**TASK DESCRIPTION:** When you reach the line with "Håndmalet vintage terrin.H" in the records below, begin transcribing exactly and continue up to and including the line with "20分休憩に図書室に行き、折り紙ワークショップでラッコを作ってみました。", leaving out every picture.

**DATA TO USE:**
-=-=-=-=-
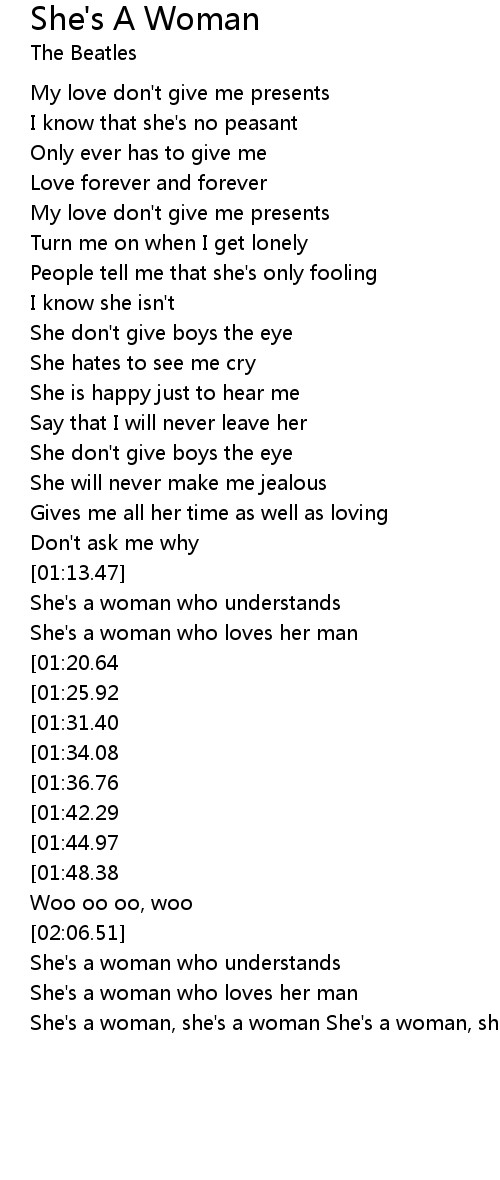 She's a woman, she's a woman She's a woman, she's a woman |
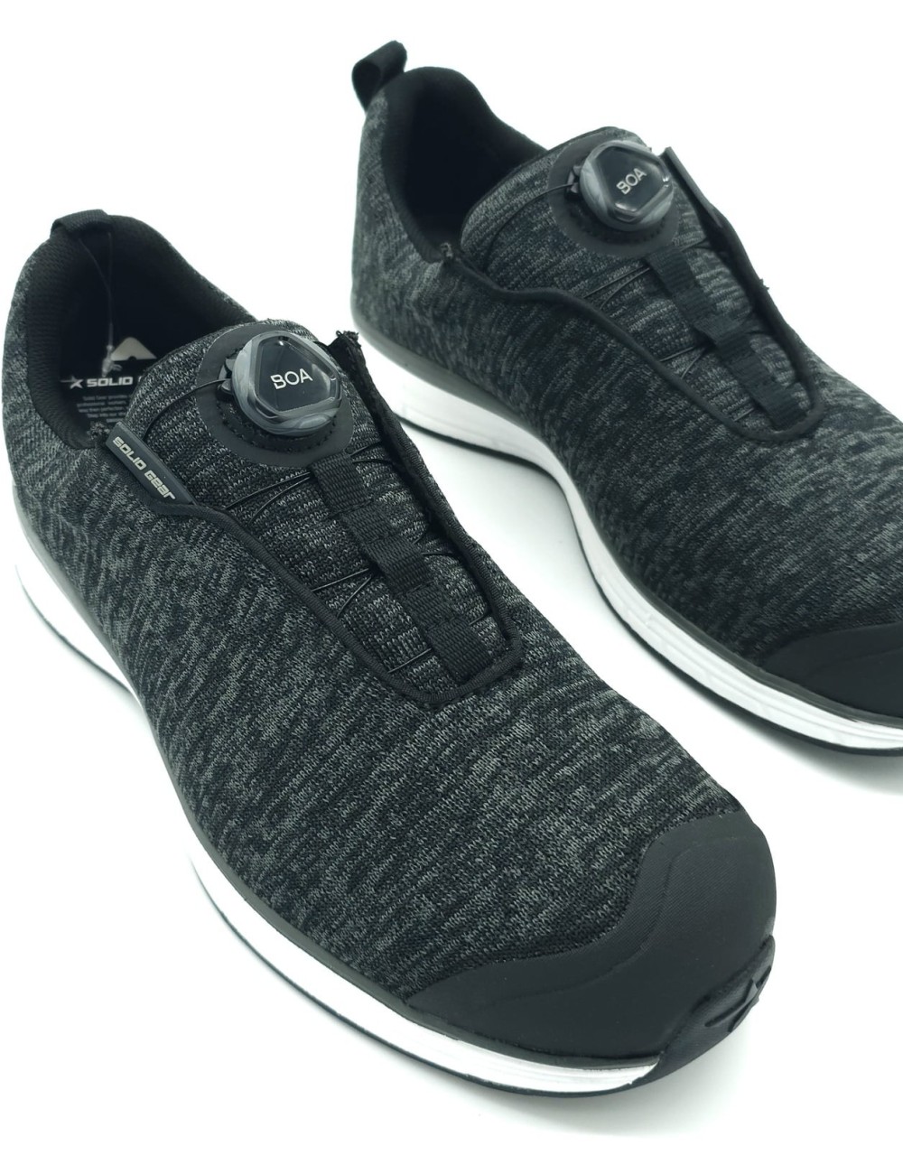 Solid Gear Haze Moon to obuwie ochronne o sportowym wyglądzie. Lekka, bezszwowa cholewka StarKnit świetnie dopasowuje się do kształtu stopy i zapewnia dobrą cyrkulację powietrza. Podeszwa środkowa wykonana jest z pianki EVA o podwójnej gęstości, dzięki czemu półbuty robocze zapewniają komfort użytkowania na wysokim poziomie. Gumowa podeszwa zewnętrzna ma właściwości antypoślizgowe i jest odporna na olej. W butach roboczych zastosowano ułatwiający wiązanie system BOA® Fit. Dodatkowo półbuty robocze wyposażone są w innowacyjny podnosek Nano, który jest o wiele mocniejszy od podnosków z włókna szklanego oraz we wkładkę antyprzebiciową, dzięki czemu zapewnią wysoką ochronę przed urazami. Obuwie robocze spełniają wymagania norm EN ISO 20345:2011 S1P, SRC.
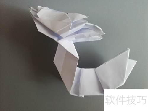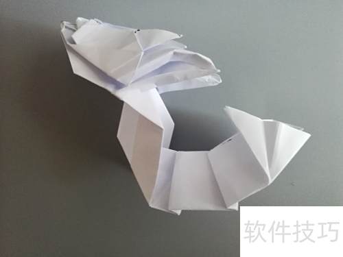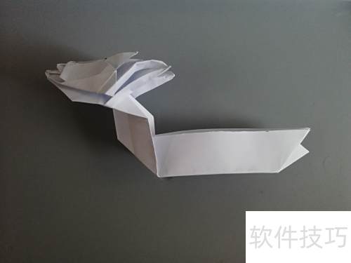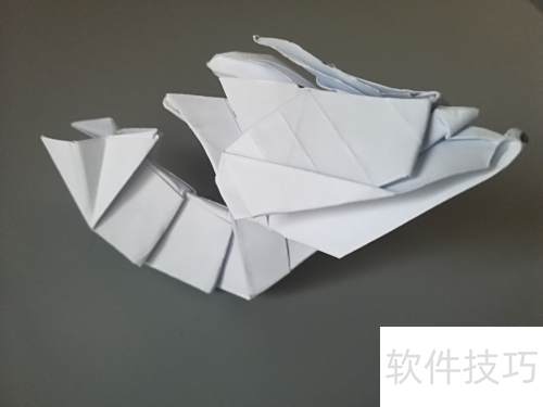 15、 处理龙身时,将龙尾向龙头方向折叠,留出适当间距后再反向折回,以此形成波浪状的龙身轮廓。龙身长度决定折叠次数,因所用A4纸比例限制,仅能折叠两次,但仍能清晰呈现出龙的基本形态。
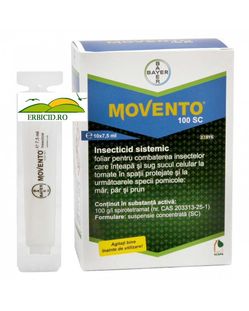 Movento 100 SC conţine noua substanţă activă spirotetramat, din grupa chimică ketoenoli, care manifestă un nou mod de acţiune, inhibarea biosintezei lipidelor.
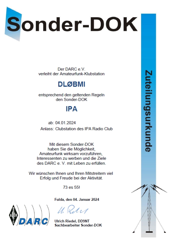 Somit war es nicht nur geboten, sondern auch folgerichtig, die interessante Geschichte des Rufzeichens DLØBMI zu erhalten, indem es in Tradition der engen Zusammenarbeit mit der IPA durch den IPA-Radioclub mit Wirkung des 23.11.2023 wieder aktiviert werden konnte.
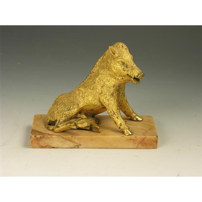 A gilt bronze model of the Medicci boar, after the antique, on a sienna marble base, 4.75in (12cm) h, 6in (15cm) w.
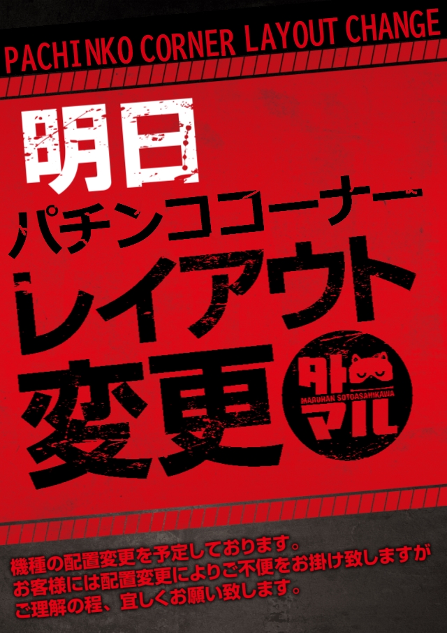 明日2月11日(金)パチンココーナーレイアウト変更!!
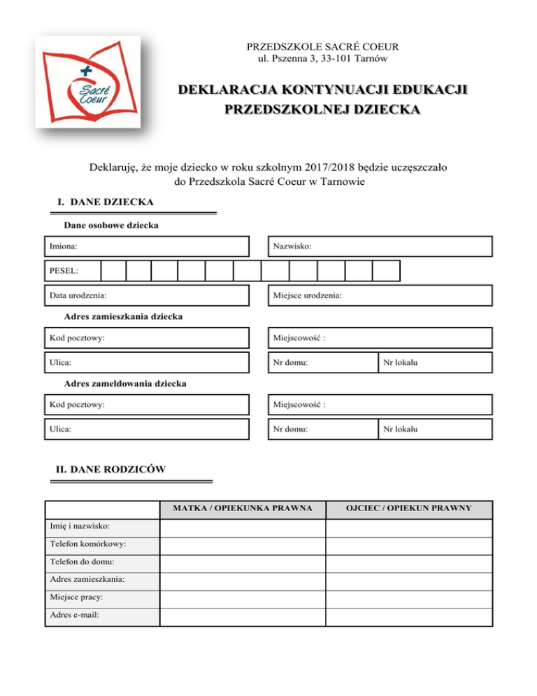 PRZEDSZKOLE SACRÉ COEUR ul. Pszenna 3, 33-101 Tarnów DEKLARACJA KONTYNUACJI EDUKACJI PRZEDSZKOLNEJ DZIECKA Deklaruję, że moje dziecko w roku szkolnym 2017/2018 będzie uczęszczało do Przedszkola Sacré Coeur w Tarnowie I. DANE DZIECKA Dane osobowe dziecka Imiona: Nazwisko: PESEL: Data urodzenia: Miejsce urodzenia: Adres zamieszkania dziecka Kod pocztowy: Miejscowość : Ulica: Nr domu: Nr lokalu Adres zameldowania dziecka Kod pocztowy: Miejscowość : Ulica: Nr domu: Nr lokalu II. DANE RODZICÓW MATKA / OPIEKUNKA PRAWNA Imię i nazwisko: Telefon komórkowy: Telefon do domu: Adres zamieszkania: Miejsce pracy: Adres e-mail: OJCIEC / OPIEKUN PRAWNY III. OŚWIADCZENIE RODZICÓW ZOBOWIĄZUJEMY SIĘ DO: przestrzegania postanowień statutu przedszkola; podawania do wiadomości przedszkola jakichkolwiek zmian w podanych wyżej informacjach; regularnego uiszczania opłat za przedszkole w wyznaczonym terminie Za dzień zapłaty uznaje się dzień uznania rachunku bankowego przedszkola lub wpływ gotówki do rąk uprawnionej osoby. W przypadku opóźnienia w zapłacie przysługują odsetki ustawowe. Zapłata będzie regulowana od miesiąca września, płatna do 10 dnia miesiąca. punktualnego przyprowadzania i odbierania dziecka z przedszkola osobiście lub przez osobę dorosłą, zgłoszoną w upoważnieniu; przyprowadzania do przedszkola tylko zdrowego dziecka; uczestniczenia w spotkaniach informacyjnych, formacyjnych i szkoleniowych dla rodziców. INFORMACJE DOTYCZĄCE DANYCH OSOBOWYCH DZIECKA I JEGO RODZINY: Uprzedzeni o odpowiedzialności karnej z art. 233 k.k. oświadczamy, że podane powyżej dane są zgodne ze stanem faktycznym (za podanie nieprawdziwych danych mogą być wyciągnięte odpowiednie konsekwencje włącznie ze skreśleniem dziecka z listy przedszkolaków); Zgodnie z art. 23 Ustawy z dnia 29 sierpnia 1997 r. o ochronie danych osobowych (Dz. U. z 2002 r. Nr 101, poz. 926 ze zm.) wyrażamy zgodę na zbieranie, przetwarzanie i wykorzystywanie ww. danych osobowych przez Przedszkole Sacré Coeur w Tarnowie dla potrzeb działalności oświatowo – wychowawczej; Wyrażamy zgodę na publikacje wizerunku naszej rodziny z imprez i uroczystości przedszkolnych na stronie internetowej oraz portalu społecznościowym dokumentujących działalność naszego Przedszkola Data i podpis maki/ opiekunki prawnej: Data i podpis ojca/ opiekuna prawnego: PRZYJĘCIE POTWIERDZENIA DEKLARACJI KONTYNUACJI EDUKACJI DZIECKA data wpływu podpis przyjmującego
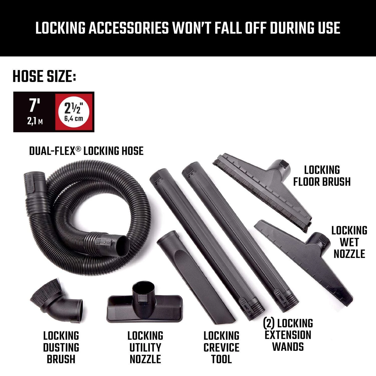 | What's Included | (2) 2-1/2 in. Locking Extension Wands, (1) 2-1/2 in. Locking Utility Nozzle, (1) 2-1/2 in. Locking Floor Brush, (1) 2-1/2 in. Locking Wet Nozzle, (1) 2-1/2 in. Locking Dusting Brush, (1) 2-1/2 in. Locking Crevice Tool, (1) 2-1/2 in. x 7 ft. Locking Hose |
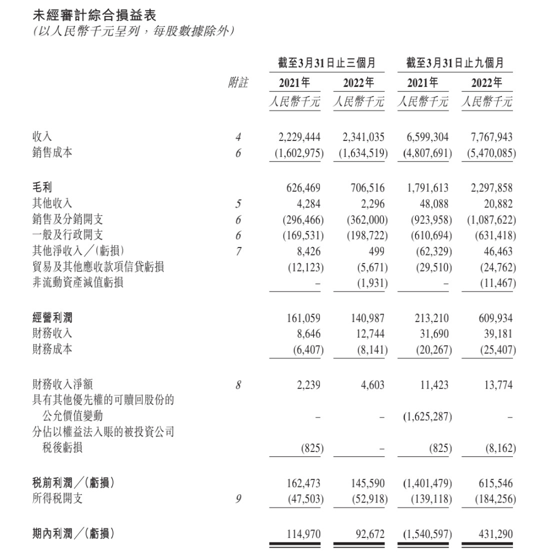 在疫情对发力线下的名创优品带去一定影响的情况下,营收层面还算不错,2022财年第三财季,名创优品集团总营收达23.4亿元人民币,同比增长5%。只是,与营收向好形成对比的,则是利润和净利润的双双下滑。
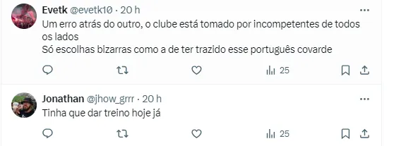 Outro complementou, indo na mesma linha: “Um erro atrás do outro, o clube está tomado por incompetentes de todos os lados. Só escolhas bizarras como a de ter trazido esse português covarde”, afirmou.
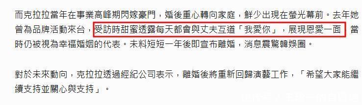 作为关注到此事的一员,笔者想说经营婚姻真的不是一件容易的事情,大有学问,但既然已经离婚了,就希望克拉拉和前夫各自安好。
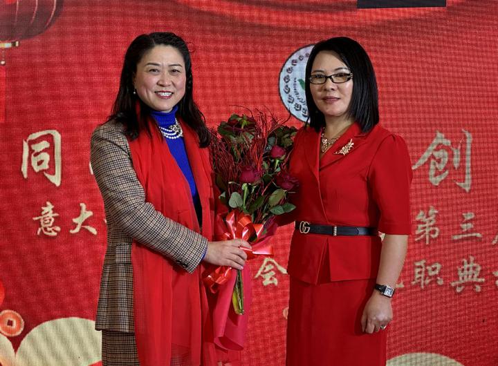 本人承蒙大家的厚爱,荣幸被推选连任意大利(中国)侨商会第四届会长,并顺利地举行就职庆典大会。身感荣幸的同时,更觉责任的重大,我将一如既往的秉承创会宗旨、做好中意双方沟通联络人,搭建中意友谊的桥梁积极响应国家“一带一路”的倡议精神,为祖国统一大业贡献应有的力量!
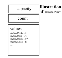 If you do plan to write your own, here's something to get you started: most dynamic array implementations work by starting off with an array of some (small) default size, then whenever you run out of space when adding a new element, double the size of the array. As you can see in the example below, it's not very difficult at all: (I've omitted safety checks for brevity)
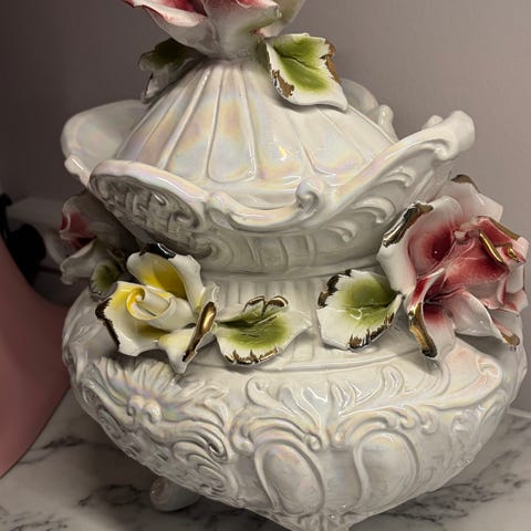 Håndmalet vintage terrin.H 23 cm, B 38 cm, D 26 cm.Flot og velholdt, uden skår. Gå til varen, for flere billeder.(Reol 12).
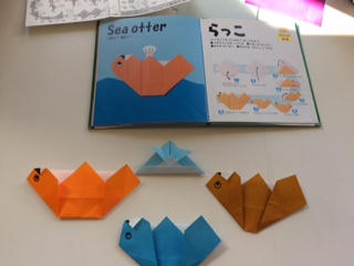 20分休憩に図書室に行き、折り紙ワークショップでラッコを作ってみました。
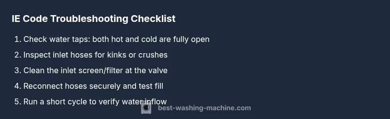 The LG IE code is an inlet error that typically appears when the machine cannot draw water properly. While LG models vary, IE commonly points to the water inlet path rather than a clogged pump or a faulty timer. The core idea is that the wash cycle cannot begin until the washer detects a steady water inflow. In the majority of homes, this is triggered by a blocked or restricted water supply, a kinked hose, or a dirty inlet screen. According to Best Washing Machine analysis, IE codes are among the most frequent inlet-related errors in 2026, especially in households with older hoses or inconsistent water pressure. Understanding this helps you distinguish between a simple DIY fix and a deeper electrical or valve issue. In short, IE means water isn’t entering the drum as the machine expects, so prioritize the water supply path first.
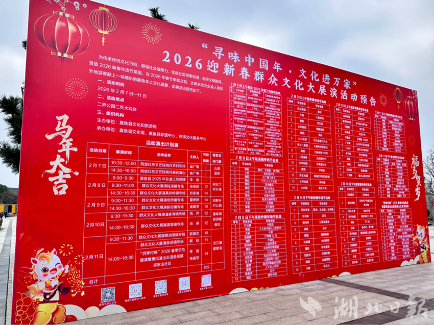 湖北日报客户端讯(通讯员祁声坤)2月7日,二乔公园内,人声鼎沸,红火热闹。2026年“我们的中国梦——文化进万家”荆楚“红色文艺轻骑兵”全省启动仪式暨惠民演出在嘉鱼隆重举行之际,台下,一场以“乐在湖北‘马’上有喜·悦见咸宁——回嘉赶大集”为主题的盛大年货节同步火热开场。这不仅是一场琳琅满目的商品购销会,更是一场融合了购年货、品年味、赏年俗、享年趣的综合性新春嘉年华。142家参展商户、310多位参与者的热情,在这里交织汇聚,绘就了一幅生动鲜活的“嘉鱼年景图”。
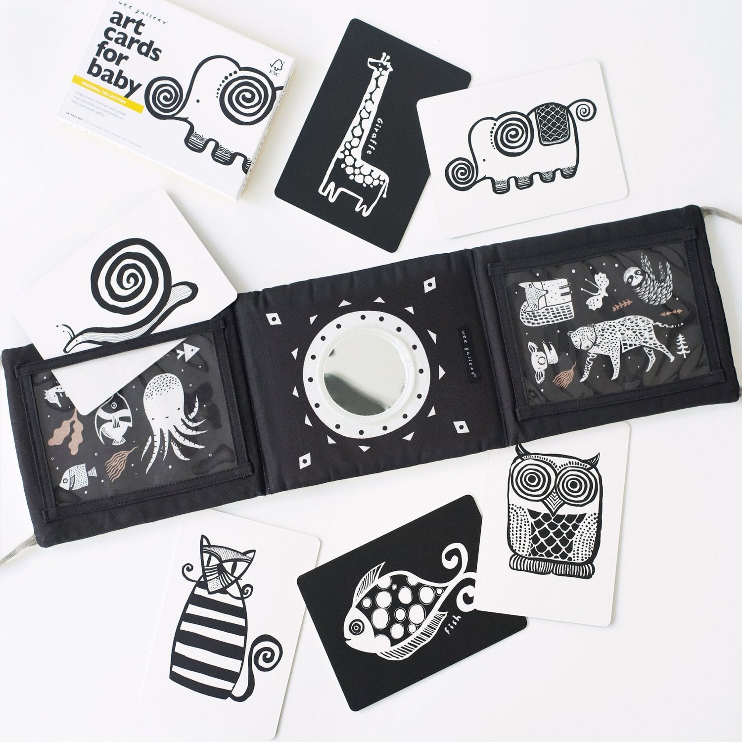 This tummy time toy was created especially to help babies from newborn up to the first year engage and develop a wide range of senses and motor skills. With the allure of a soft book, plus textured embroidery and pockets where the images can be switched out with various Art Cards. The gallery can be laid flat with a light or dark black and white side, or it can be tied together for form a 3D triangle, so that baby can enjoy tummytime play on their own and can look at it while laying down, pushing up, or in a seated position.
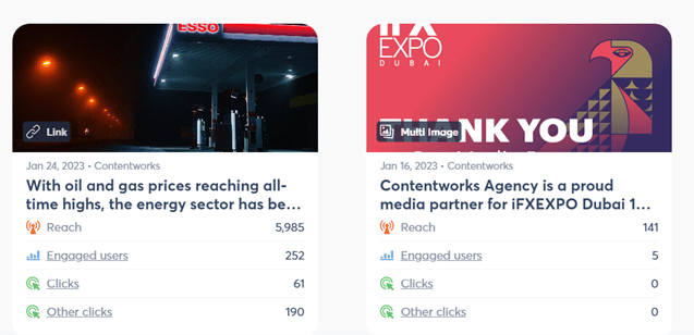 لاحظ أيضًا أن التقرير المجمع يبدو مختلفًا على كل شبكة ، بسبب الإحصائيات المتاحة وما إذا كان مقطع فيديو أو منشورًا ثابتًا به رابط.
-=-=-=-=-
**SOLUTION FOR THIS EXERCISE:**
 Håndmalet vintage terrin.H 23 cm, B 38 cm, D 26 cm.Flot og velholdt, uden skår. Gå til varen, for flere billeder.(Reol 12).
 20分休憩に図書室に行き、折り紙ワークショップでラッコを作ってみました。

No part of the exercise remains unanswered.